Но опытные служаки идут еще дальше. Удав, например, охотно брал на себя даже защиту ябедников и ябедничества, и опять-таки ссылался на авторитет графа Михаила Николаевича.

– Вы, сударь, не шутите с ябедниками, – говорил он мне, – в древние времена ябедник представлял собою сосуд, в котором общественная скорбь находила единственное и всегда готовое убежище. И без торгу, сударь; бери двугривенный и пиши! За двугривенный человек рисковал, что его и в бараний рог согнут, и в табак сотрут, и туда зашвырнут, куда ворон костей не заносил! Где нынче таких героев сыщешь! И сколько, спрошу я вас, было нужно скорбей, сколько презрения к жизненным благам в сердце накопить, чтобы, несмотря ни на какие перспективы, в столь опасном ремесле упражнение иметь? Всю жизнь видеть перед собой "раба лукавого" 19, все интересы сосредоточить на нем одном и об нем одном не уставаючи вопиять и к царю земному, и к царю небесному – сколь крепка должна быть в человеке вера, чтоб эту пытку вынести! А сколько их погибло… всячески погибло-с! и под бременем прозрения от своих, и под начальственным давлением! Полки можно было бы из этих ревнителей поруганной общественной совести сформировать!

– Но какую же пользу они могли приносить, коль скоро с ними так легко можно было по всей строгости поступить? – возражал я.

– А ту пользу, что сегодня, например, десять "ябедников" загублено, а завтра на их месте новых двадцать явилось! А кроме того, смотришь, одного какого-нибудь и проглядели. Сидел он где-нибудь тихим манером в кабачке, пописывал да пописывал – глядь, ан в губернию сенаторский гнев едет! Откуда? как? кто навлек?.. Ябедник-с!

Как это ни странно с первого взгляда, но приходится согласиться, что устами Удава говорит сама истина. Да, хорошо в те времена жилось. Ежели тебе тошно или Сквозник-Дмухановский одолел – беги к Ивану Иванычу. Иван Иваныч не помог (не сумел "застоять") – недалеко и в кабак сходить. Там уж с утра ябедник Ризположенский с пером за ухом ждет. Настрочил, запечатал, послал… Не успел оглянуться – вдруг, динь-динь, колокольчик звенит. Кто приехал? Иван Александров Хлестаков приехал! Ну, слава богу!

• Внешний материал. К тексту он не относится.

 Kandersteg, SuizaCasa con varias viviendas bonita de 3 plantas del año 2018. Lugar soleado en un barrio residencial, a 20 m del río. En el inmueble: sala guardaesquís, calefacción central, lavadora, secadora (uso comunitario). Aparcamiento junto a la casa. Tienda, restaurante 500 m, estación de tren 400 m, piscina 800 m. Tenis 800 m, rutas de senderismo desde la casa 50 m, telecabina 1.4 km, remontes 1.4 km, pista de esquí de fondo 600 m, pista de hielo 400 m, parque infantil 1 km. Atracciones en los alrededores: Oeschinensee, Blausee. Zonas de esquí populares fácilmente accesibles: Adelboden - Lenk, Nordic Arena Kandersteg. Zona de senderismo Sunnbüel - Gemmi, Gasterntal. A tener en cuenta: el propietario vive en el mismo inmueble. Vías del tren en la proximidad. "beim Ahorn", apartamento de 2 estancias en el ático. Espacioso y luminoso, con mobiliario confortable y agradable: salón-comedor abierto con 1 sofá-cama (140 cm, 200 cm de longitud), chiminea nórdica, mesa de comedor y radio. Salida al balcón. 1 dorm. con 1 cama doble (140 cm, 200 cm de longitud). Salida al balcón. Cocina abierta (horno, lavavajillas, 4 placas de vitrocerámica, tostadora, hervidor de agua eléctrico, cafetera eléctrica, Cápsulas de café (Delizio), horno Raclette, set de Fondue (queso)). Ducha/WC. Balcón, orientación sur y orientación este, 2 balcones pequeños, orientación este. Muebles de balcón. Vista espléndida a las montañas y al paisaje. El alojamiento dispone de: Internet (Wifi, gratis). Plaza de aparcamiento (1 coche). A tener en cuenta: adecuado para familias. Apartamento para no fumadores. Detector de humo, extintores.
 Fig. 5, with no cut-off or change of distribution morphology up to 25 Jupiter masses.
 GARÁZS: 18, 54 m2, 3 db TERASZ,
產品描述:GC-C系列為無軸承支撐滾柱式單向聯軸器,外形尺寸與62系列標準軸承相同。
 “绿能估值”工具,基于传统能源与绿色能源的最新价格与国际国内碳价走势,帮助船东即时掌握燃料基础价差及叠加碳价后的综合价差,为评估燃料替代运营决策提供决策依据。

Я не утверждаю, конечно, чтоб все это, вместе взятое, представляло настоящие гарантии; я говорю только, что было мерцание надежд. Были пререкания (даже два чиновника специально для пререканий: прокурор и жандармский штаб-офицер; им же предоставлялось отирать слезы), были ябедники. Теперь пререкания признаны предосудительными, и ябедники, с распространением хороших манер, извелись сами собой. Вместе с ними извелось и исчезло достопочтенное "понеже", которое так или иначе, но все-таки остепеняло разнузданную бюрократическую мысль и налагало на нее известные обязанности. Все прочее осталось. То есть остался граф ТвэрдоонтС с теорией повсеместного смерча и с ее краткословной формулой: пошел!

Мне скажут, быть может, что теория смерча оказалась, однако ж, несостоятельною, и вследствие этого граф ТвэрдоонтС ныне уже находится не у дел. Стало быть, правда воссияла-таки…

А сколько он народу погубил, покуда его теория оказалась несостоятельною? И кто же поручится, что он не воспрянет и опять? что у него уж не созрела в голове теория кукиша с маслом, и что он, с свойственною ему ретивостью, не поспешит положить и эту новинку на алтарь отечества при первом кличе: шествуйте, сыны!

* * *

По-настоящему мне следовало бы, сейчас же после свидания с графом ТвэрдоонтС, уехать из Интерлакена; но меня словно колдовство пришпилило к этому месту. В красоте природы есть нечто волшебно действующее, проливающее успокоение даже на самые застарелые увечья. Есть очертания, звуки, запахи до того ласкающие, что человек покоряется им совсем машинально, независимо от сознания. Он не анализирует ни ощущений своих, ни явлений, породивших эти ощущения, а просто живет как очарованный, чувствуя, как в его организм льется отрада.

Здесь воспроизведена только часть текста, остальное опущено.